• **Exercise details**: Could you write the entries out again, exactly as they appear?

(Stored records)
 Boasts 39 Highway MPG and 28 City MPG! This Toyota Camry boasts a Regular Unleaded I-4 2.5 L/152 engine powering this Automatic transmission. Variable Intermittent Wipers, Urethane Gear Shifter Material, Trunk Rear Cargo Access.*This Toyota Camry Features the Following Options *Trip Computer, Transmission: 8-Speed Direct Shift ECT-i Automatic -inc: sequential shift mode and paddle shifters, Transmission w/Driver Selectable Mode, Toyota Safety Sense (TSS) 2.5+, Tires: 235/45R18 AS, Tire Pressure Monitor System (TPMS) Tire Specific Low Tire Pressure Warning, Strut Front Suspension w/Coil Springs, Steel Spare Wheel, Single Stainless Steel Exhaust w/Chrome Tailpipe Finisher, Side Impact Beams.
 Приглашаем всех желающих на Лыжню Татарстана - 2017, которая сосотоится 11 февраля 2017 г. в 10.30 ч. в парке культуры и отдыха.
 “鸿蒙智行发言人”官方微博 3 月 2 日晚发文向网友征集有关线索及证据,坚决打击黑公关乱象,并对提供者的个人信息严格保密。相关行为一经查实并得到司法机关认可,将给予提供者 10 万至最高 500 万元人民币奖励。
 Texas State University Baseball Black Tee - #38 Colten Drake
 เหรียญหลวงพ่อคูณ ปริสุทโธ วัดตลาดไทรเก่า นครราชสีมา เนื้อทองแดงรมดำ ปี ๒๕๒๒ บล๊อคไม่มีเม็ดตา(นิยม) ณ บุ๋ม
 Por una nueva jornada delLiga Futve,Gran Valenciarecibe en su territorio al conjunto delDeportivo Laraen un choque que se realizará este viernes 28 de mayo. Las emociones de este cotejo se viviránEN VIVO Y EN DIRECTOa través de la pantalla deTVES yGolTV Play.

• **Task solution**:
 Boasts 39 Highway MPG and 28 City MPG! This Toyota Camry boasts a Regular Unleaded I-4 2.5 L/152 engine powering this Automatic transmission. Variable Intermittent Wipers, Urethane Gear Shifter Material, Trunk Rear Cargo Access.*This Toyota Camry Features the Following Options *Trip Computer, Transmission: 8-Speed Direct Shift ECT-i Automatic -inc: sequential shift mode and paddle shifters, Transmission w/Driver Selectable Mode, Toyota Safety Sense (TSS) 2.5+, Tires: 235/45R18 AS, Tire Pressure Monitor System (TPMS) Tire Specific Low Tire Pressure Warning, Strut Front Suspension w/Coil Springs, Steel Spare Wheel, Single Stainless Steel Exhaust w/Chrome Tailpipe Finisher, Side Impact Beams.
 Приглашаем всех желающих на Лыжню Татарстана - 2017, которая сосотоится 11 февраля 2017 г. в 10.30 ч. в парке культуры и отдыха.
 “鸿蒙智行发言人”官方微博 3 月 2 日晚发文向网友征集有关线索及证据,坚决打击黑公关乱象,并对提供者的个人信息严格保密。相关行为一经查实并得到司法机关认可,将给予提供者 10 万至最高 500 万元人民币奖励。
 Texas State University Baseball Black Tee - #38 Colten Drake
 เหรียญหลวงพ่อคูณ ปริสุทโธ วัดตลาดไทรเก่า นครราชสีมา เนื้อทองแดงรมดำ ปี ๒๕๒๒ บล๊อคไม่มีเม็ดตา(นิยม) ณ บุ๋ม
 Por una nueva jornada delLiga Futve,Gran Valenciarecibe en su territorio al conjunto delDeportivo Laraen un choque que se realizará este viernes 28 de mayo. Las emociones de este cotejo se viviránEN VIVO Y EN DIRECTOa través de la pantalla deTVES yGolTV Play.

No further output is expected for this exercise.